Prior to that, declaration under section 6 of the Act, 1894
was published in the gazette on 30.07.1999. Thereafter the
proceedings of the land acquisition was completed and the
award was passed on 08.12.1999 (Annexure P/10). The
Tahsildar, Raipur, was directed by the Sub Divisional
Officer-cum-Land Acquisition Officer on 14.02.2000 to take
over the possession of the land in dispute which was handed
over to the respondent No. 2 on 17.02.2000.

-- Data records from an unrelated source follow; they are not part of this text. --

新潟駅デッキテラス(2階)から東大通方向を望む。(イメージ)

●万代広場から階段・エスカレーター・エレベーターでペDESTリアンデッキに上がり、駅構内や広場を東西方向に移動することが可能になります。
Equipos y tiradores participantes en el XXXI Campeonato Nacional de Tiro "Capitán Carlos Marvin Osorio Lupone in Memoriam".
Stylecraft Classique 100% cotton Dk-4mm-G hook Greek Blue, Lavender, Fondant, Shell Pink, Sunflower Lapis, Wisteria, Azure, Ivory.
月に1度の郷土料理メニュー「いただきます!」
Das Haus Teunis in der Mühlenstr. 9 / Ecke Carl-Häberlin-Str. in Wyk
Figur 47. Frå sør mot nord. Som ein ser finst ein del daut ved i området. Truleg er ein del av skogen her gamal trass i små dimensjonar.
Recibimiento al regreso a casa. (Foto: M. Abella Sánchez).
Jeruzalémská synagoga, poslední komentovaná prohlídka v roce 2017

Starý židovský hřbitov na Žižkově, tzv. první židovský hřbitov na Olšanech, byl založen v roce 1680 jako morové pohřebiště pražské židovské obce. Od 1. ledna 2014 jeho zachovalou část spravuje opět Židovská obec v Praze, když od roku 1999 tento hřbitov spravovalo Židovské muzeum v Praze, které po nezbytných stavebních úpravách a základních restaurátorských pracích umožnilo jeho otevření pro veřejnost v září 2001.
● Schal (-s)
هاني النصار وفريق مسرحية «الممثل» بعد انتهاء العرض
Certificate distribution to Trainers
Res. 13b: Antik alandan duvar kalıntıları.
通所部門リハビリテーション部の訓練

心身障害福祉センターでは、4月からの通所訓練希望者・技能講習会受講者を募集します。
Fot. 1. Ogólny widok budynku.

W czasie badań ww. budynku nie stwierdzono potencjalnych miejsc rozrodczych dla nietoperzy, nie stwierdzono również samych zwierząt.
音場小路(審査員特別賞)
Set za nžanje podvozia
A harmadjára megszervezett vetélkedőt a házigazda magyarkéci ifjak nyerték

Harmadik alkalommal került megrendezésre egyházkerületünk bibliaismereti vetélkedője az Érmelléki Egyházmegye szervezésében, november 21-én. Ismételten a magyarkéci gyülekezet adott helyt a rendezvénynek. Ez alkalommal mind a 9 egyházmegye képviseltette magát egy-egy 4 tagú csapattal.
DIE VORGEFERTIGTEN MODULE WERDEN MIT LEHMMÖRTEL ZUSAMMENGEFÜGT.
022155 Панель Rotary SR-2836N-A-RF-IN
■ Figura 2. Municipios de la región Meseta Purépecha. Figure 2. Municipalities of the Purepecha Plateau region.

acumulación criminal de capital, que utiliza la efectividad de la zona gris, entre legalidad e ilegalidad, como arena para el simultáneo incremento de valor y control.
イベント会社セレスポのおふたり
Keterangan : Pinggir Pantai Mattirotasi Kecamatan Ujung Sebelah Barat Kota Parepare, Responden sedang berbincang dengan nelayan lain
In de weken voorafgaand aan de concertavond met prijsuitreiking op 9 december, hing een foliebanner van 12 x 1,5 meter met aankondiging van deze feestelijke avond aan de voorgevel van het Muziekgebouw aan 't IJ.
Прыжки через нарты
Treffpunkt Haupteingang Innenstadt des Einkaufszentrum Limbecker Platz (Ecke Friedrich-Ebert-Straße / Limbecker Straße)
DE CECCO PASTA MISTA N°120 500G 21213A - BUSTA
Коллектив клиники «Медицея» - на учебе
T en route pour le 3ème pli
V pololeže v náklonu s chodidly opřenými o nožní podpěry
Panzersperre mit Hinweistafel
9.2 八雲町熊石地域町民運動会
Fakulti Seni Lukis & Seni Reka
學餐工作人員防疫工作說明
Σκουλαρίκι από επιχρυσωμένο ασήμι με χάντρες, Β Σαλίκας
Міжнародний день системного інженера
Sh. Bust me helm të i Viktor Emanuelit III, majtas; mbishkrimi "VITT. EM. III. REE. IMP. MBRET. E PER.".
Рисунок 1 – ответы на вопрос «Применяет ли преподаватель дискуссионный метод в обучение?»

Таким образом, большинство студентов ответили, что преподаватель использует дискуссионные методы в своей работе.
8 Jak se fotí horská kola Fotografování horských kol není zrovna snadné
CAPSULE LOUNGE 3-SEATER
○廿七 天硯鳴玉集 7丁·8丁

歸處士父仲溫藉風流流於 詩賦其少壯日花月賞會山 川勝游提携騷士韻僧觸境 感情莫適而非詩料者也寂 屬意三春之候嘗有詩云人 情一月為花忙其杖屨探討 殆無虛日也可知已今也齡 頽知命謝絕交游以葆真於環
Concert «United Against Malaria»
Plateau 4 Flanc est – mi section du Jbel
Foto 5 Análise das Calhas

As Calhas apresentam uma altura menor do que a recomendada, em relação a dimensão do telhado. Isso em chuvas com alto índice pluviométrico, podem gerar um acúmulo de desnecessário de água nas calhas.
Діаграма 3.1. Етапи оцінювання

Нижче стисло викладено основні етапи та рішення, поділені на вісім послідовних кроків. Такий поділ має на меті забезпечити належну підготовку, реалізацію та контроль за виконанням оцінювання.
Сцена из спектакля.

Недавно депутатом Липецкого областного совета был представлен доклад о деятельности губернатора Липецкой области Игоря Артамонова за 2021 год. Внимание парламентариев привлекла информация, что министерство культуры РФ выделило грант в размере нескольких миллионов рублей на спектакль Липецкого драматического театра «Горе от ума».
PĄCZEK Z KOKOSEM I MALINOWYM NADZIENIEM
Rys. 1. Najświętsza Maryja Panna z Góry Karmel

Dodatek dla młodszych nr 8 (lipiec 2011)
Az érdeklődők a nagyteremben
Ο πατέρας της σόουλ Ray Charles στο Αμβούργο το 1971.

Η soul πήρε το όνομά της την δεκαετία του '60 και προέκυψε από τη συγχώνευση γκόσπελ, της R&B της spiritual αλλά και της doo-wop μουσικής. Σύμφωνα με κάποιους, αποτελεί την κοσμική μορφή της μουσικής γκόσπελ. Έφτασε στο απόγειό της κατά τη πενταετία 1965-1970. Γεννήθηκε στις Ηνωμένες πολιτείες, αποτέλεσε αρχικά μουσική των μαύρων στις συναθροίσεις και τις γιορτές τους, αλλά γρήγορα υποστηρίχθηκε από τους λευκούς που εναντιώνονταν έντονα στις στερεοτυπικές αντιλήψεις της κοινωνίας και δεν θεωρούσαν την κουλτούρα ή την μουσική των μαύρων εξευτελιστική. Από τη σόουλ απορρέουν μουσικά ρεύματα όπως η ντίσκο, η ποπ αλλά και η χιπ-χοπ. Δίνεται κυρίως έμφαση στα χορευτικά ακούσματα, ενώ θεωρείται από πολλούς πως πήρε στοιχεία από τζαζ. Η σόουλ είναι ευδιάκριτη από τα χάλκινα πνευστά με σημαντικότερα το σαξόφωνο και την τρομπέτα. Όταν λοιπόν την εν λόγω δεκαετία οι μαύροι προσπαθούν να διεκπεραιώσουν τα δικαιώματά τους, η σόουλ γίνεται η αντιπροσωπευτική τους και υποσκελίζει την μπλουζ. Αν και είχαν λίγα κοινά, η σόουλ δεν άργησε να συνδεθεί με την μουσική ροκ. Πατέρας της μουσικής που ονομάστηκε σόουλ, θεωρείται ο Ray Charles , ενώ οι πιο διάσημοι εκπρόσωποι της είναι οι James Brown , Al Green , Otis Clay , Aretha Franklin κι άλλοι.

3. According to learned counsel for the petitioners, the
entire land acquisition proceedings were initiated in
violation of the Act, 1894. The entire proceedings have been
initiated behind the back of the petitioners and the
principles of natural justice was not followed. Shri Payasi
further submits that according to the notification issued by
the Government under section 11 of the Act, 1894, the
competent authority to pass the award is the Collector. But
in the case on hand, the award has been passed by the Sub
Divisional Officer on 08.12.1999 (Annexure P/10). Thus, the
same is not sustainable. Thus, the entire land acquisition
proceedings as well as the impugned award may be quashed.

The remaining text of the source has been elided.